There is neither table nor chair in a strictly Japanese-style house. As Japanese sit upon the floor, which is composed of thick mats made of tightly pressed rice straw covered with fine rush matting, they find their rooms very tidy and simple. There is, moreover, no bright-coloured paper covering the walls, which are made of earth. Hence, those who have been accustomed to the bright-coloured Western rooms may feel as if they were in an unfurnished room rather than being able to appreciate its simplicity and neatness. Moreover, unlike Westerners, Japanese do not, as a rule, decorate their rooms with sculptures in a corner, vases upon shelves, or pictures upon the walls: their rooms may appear very much as if they had been deserted for a long time by their master. Why do they not decorate their rooms like Westerners, you will ask? The reply is, because there is always a tokonoma, or alcove, in the best room of every Japanese house, where a picture scroll and some flowers in a vase are displayed.
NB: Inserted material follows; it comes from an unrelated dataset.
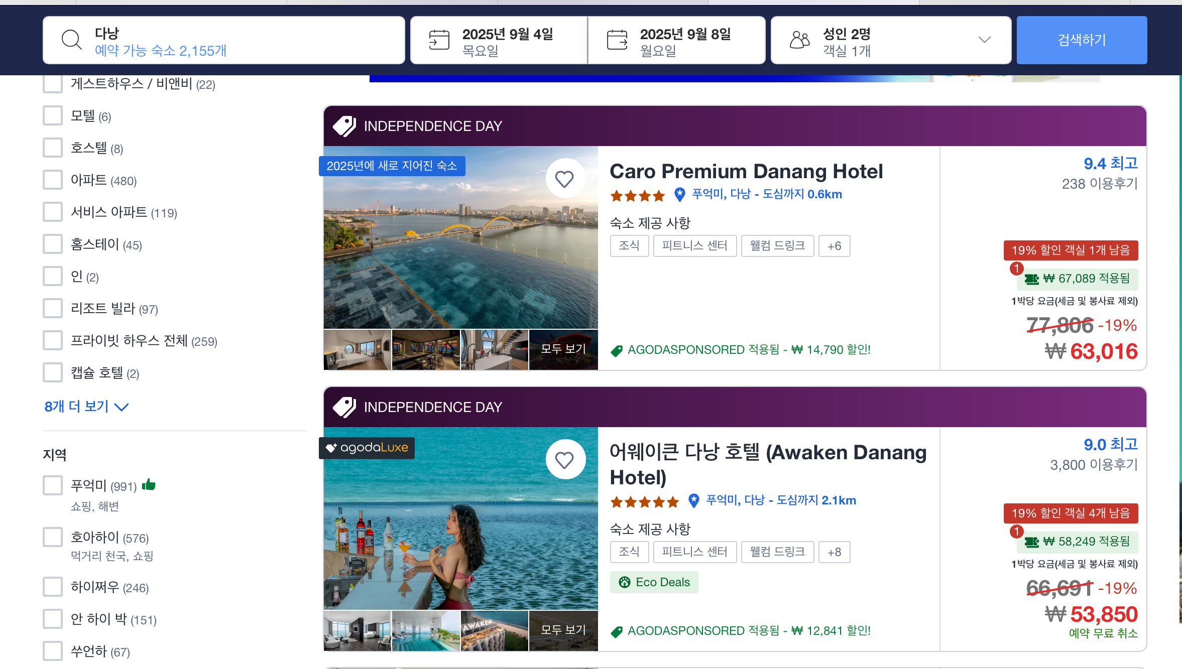 1박에 6만원 이내로 호텔, 리조트를 이용 할 수 있으니 가성비가 너무 좋습니다.

If the walls were covered with bright-coloured paper, these flowers and the picture would attract no attention from the eye. The tokonoma is no other than the point of focus of the room, at which the attention of all eyes in the room is to be directed. To do

away with wall paper, to dispense with all other decorations in the room, or, in other words, to eliminate all distracting colours and designs from the room, is to give spirit and animation to the quiet, simple and yet refined Japanese flower arrangement in the tokonoma.